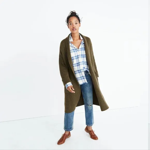 VenmoMadewell Rivington Open Front Sweater Coat Heather Elm Green Merino Wool Medium Excellent Used Condition
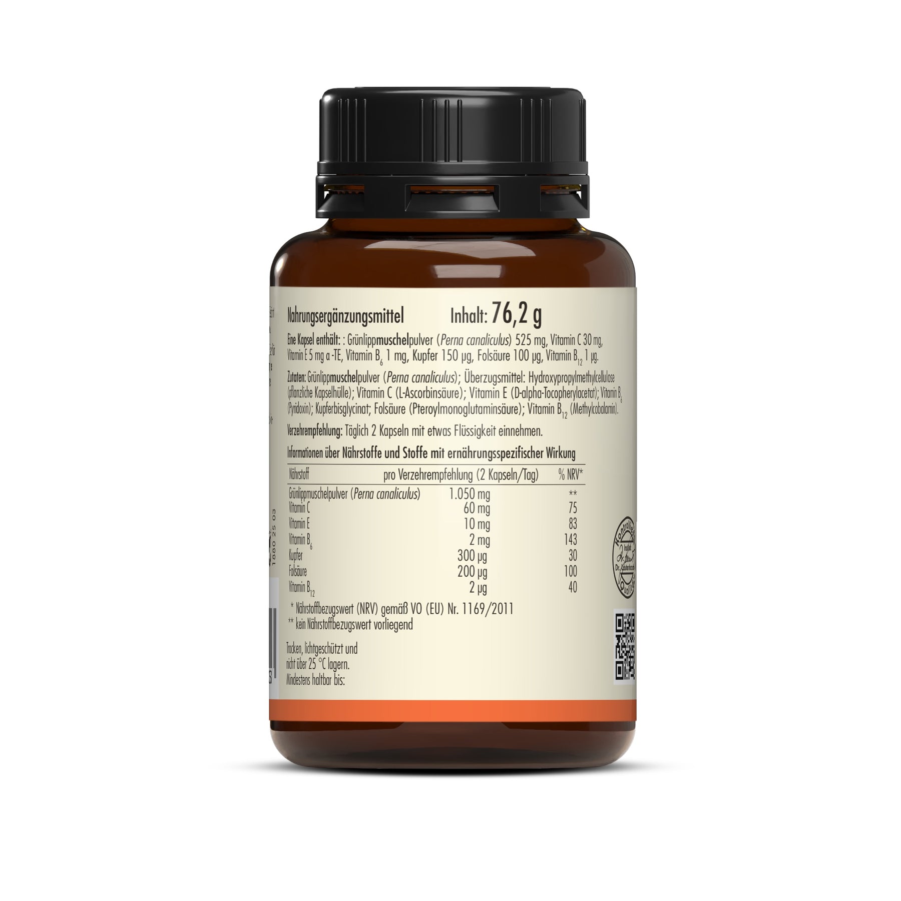 Das verwendete Vollfettpulver aus der Grünlippmuschel stammt aus nachhaltiger Zucht in Neuseeland. Es bewahrt den natürlichen Fettanteil der Muschel. Dadurch bleiben auch die enthaltenen Omega-3-Fettsäuren erhalten – darunter ETA (Eicosatetraensäure), eine seltene Form, die ausschließlich in der Grünlippmuschel vorkommt. ETA wird im Zusammenhang mit der Ernährung geschätzt, da sie ähnliche Eigenschaften wie EPA aufweist, aber seltener vorkommt. In der Grünlippmuschel liegt ETA in natürlicher Form vor und ist daher ein interessanter Bestandteil von Produkten mit Vollfettpulver aus dieser Muschelart. Die Kombination mit Vitamin C, E sowie den B-Vitaminen ergänzt die Rezeptur sinnvoll – insbesondere bei einem erhöhten Nährstoffbedarf oder im Rahmen einer bewussten Lebensweise.
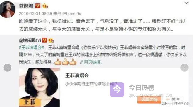 龚琳娜那天发了条微博,八个字:“音色丢了,气息没了。”就因为这八个字,她被王菲粉丝骂了整整一年,外号都给人起好了,叫“粪老师”。
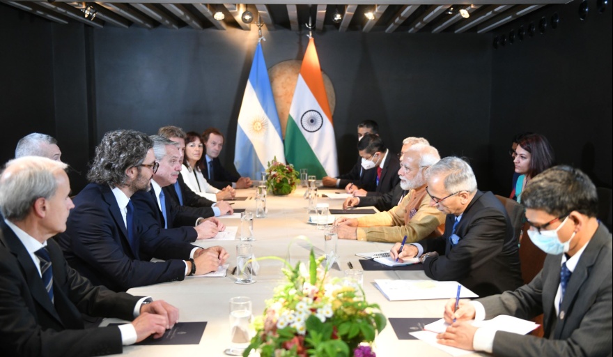 Al término de la reunión bilateral que el presidente Alberto Fernández mantuvo hoy con el primer ministro de la India, Narendra Modi, en el marco de la Cumbre de Líderes del G7 que se celebra en Alemania, el canciller Santiago Cafiero señaló que “este año ha sido un año en el que vemos como diferentes productos se siguen instalando en la India, como el aceite de girasol y la harina de soja, con exportaciones récord, con lo cual pensamos que en 2022 vamos a volver a romper la marca récord del año pasado”.
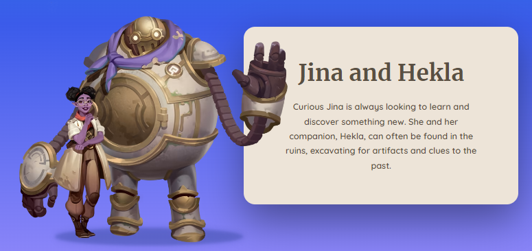 When first our eyes are opened we see that we are in some sort of ruins. Respond forth from the statue of a great Phoenix and meet our first friend, Jina. She is an archaeologist who is exploring this ruin with her companion Hekla. Hekla is a large almost grandmother-like robot, and I trust her with my life.
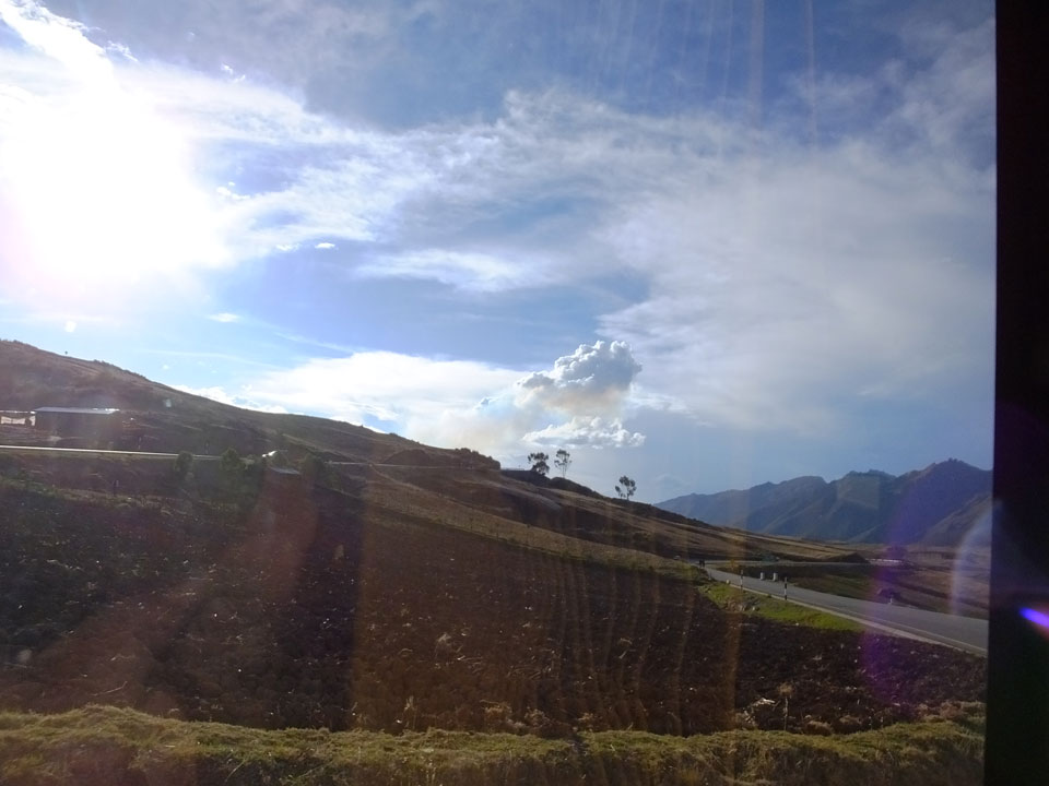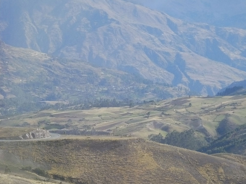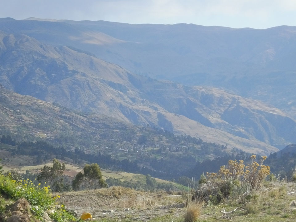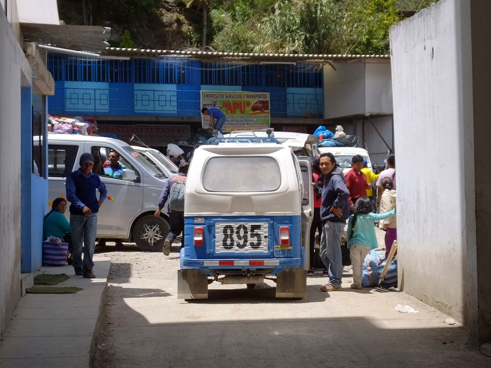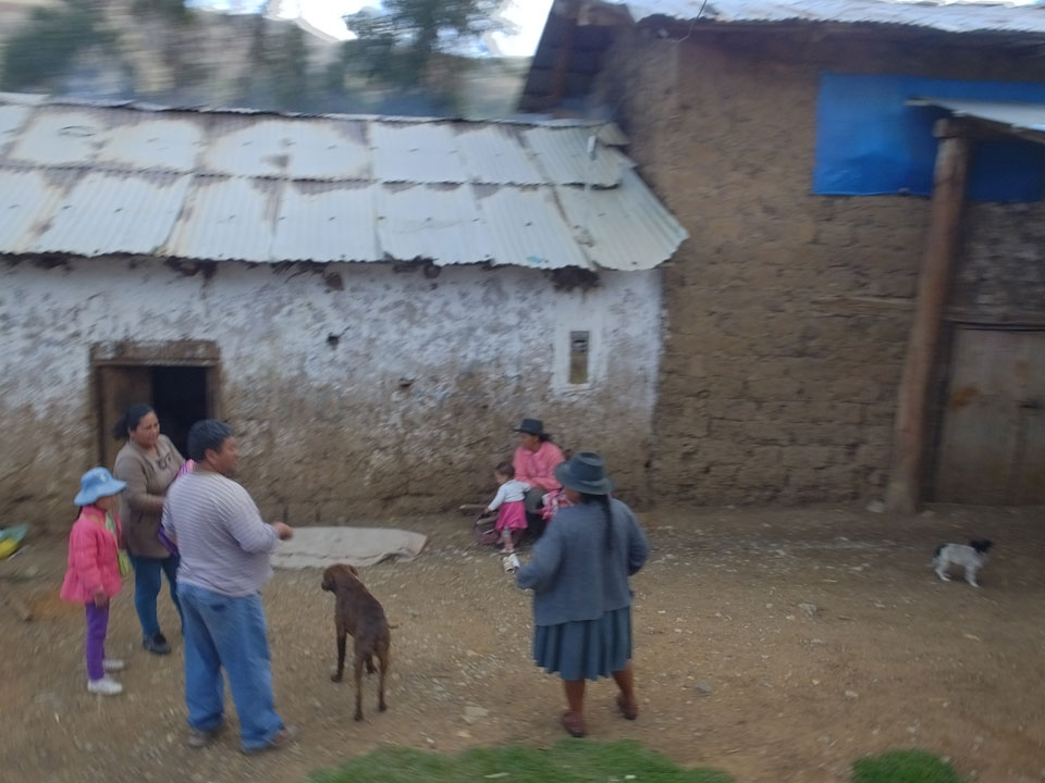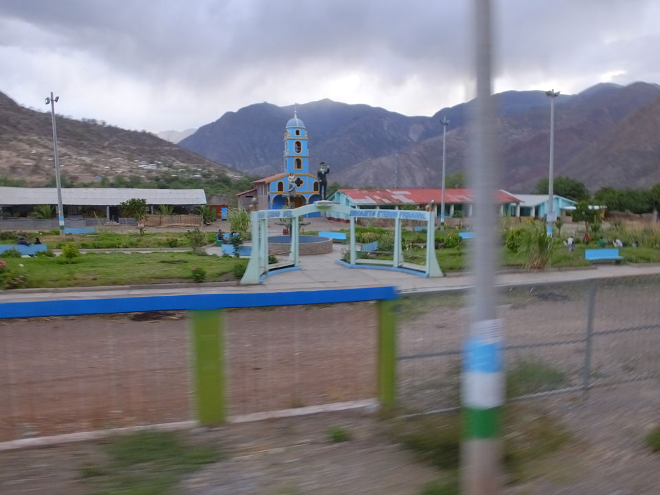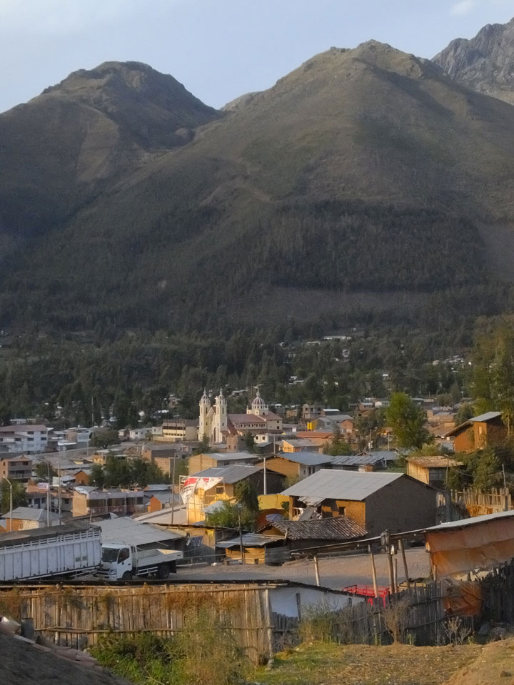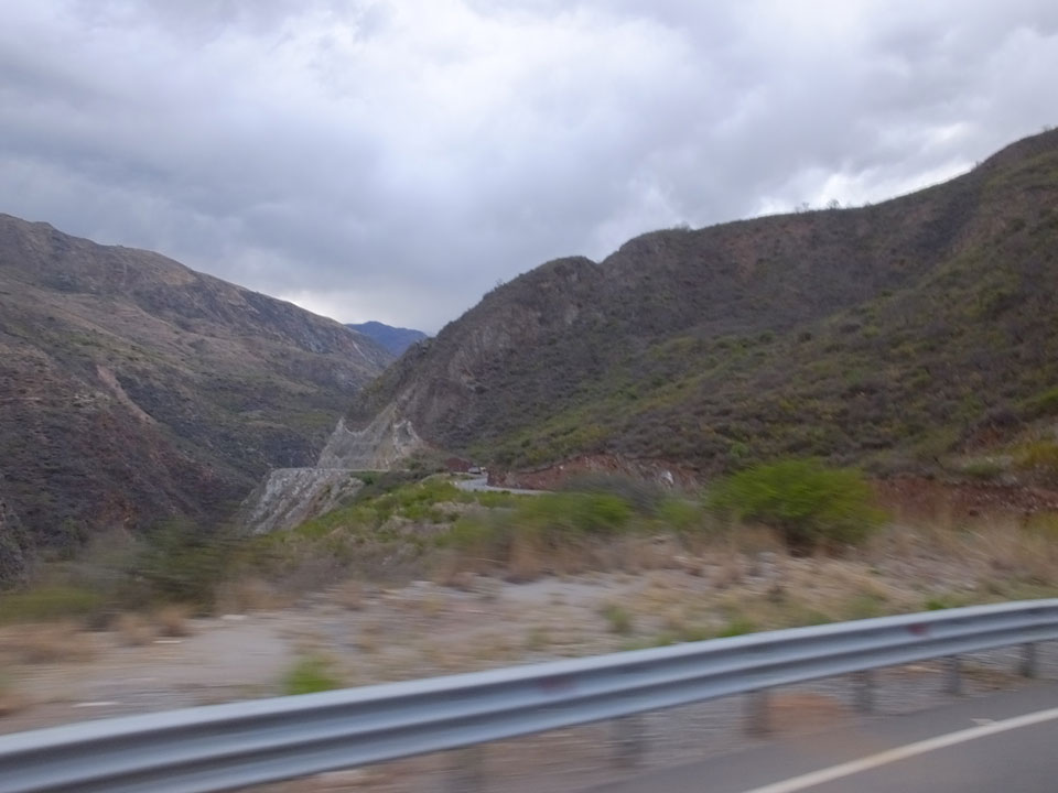 Dann ging’s mit einem taxi (5 Soles) zu Molinas und mit dem Bus durch die endlosen Berge Richtung Norden. Ein paar Halte gab’s auch, sodass sich der Bus füllte. Die Landschaft Perus ist wunderschön, die Orte sind es nicht. Überall sind die Häuser entweder stümperhaft angestrichen, mit Presidenten-Wahlaufforderungen oder Werbung. Allerhand Tiere laufen auch herum und die Leute sind eben vom Dorf.
::::::::::
Your task: Repeat the material above word for word, please, apart from its images.

Written response:
 VenmoMadewell Rivington Open Front Sweater Coat Heather Elm Green Merino Wool Medium Excellent Used Condition
 Das verwendete Vollfettpulver aus der Grünlippmuschel stammt aus nachhaltiger Zucht in Neuseeland. Es bewahrt den natürlichen Fettanteil der Muschel. Dadurch bleiben auch die enthaltenen Omega-3-Fettsäuren erhalten – darunter ETA (Eicosatetraensäure), eine seltene Form, die ausschließlich in der Grünlippmuschel vorkommt. ETA wird im Zusammenhang mit der Ernährung geschätzt, da sie ähnliche Eigenschaften wie EPA aufweist, aber seltener vorkommt. In der Grünlippmuschel liegt ETA in natürlicher Form vor und ist daher ein interessanter Bestandteil von Produkten mit Vollfettpulver aus dieser Muschelart. Die Kombination mit Vitamin C, E sowie den B-Vitaminen ergänzt die Rezeptur sinnvoll – insbesondere bei einem erhöhten Nährstoffbedarf oder im Rahmen einer bewussten Lebensweise.
 龚琳娜那天发了条微博,八个字:“音色丢了,气息没了。”就因为这八个字,她被王菲粉丝骂了整整一年,外号都给人起好了,叫“粪老师”。
 Al término de la reunión bilateral que el presidente Alberto Fernández mantuvo hoy con el primer ministro de la India, Narendra Modi, en el marco de la Cumbre de Líderes del G7 que se celebra en Alemania, el canciller Santiago Cafiero señaló que “este año ha sido un año en el que vemos como diferentes productos se siguen instalando en la India, como el aceite de girasol y la harina de soja, con exportaciones récord, con lo cual pensamos que en 2022 vamos a volver a romper la marca récord del año pasado”.
 When first our eyes are opened we see that we are in some sort of ruins. Respond forth from the statue of a great Phoenix and meet our first friend, Jina. She is an archaeologist who is exploring this ruin with her companion Hekla. Hekla is a large almost grandmother-like robot, and I trust her with my life.
 Dann ging’s mit einem taxi (5 Soles) zu Molinas und mit dem Bus durch die endlosen Berge Richtung Norden. Ein paar Halte gab’s auch, sodass sich der Bus füllte. Die Landschaft Perus ist wunderschön, die Orte sind es nicht. Überall sind die Häuser entweder stümperhaft angestrichen, mit Presidenten-Wahlaufforderungen oder Werbung. Allerhand Tiere laufen auch herum und die Leute sind eben vom Dorf.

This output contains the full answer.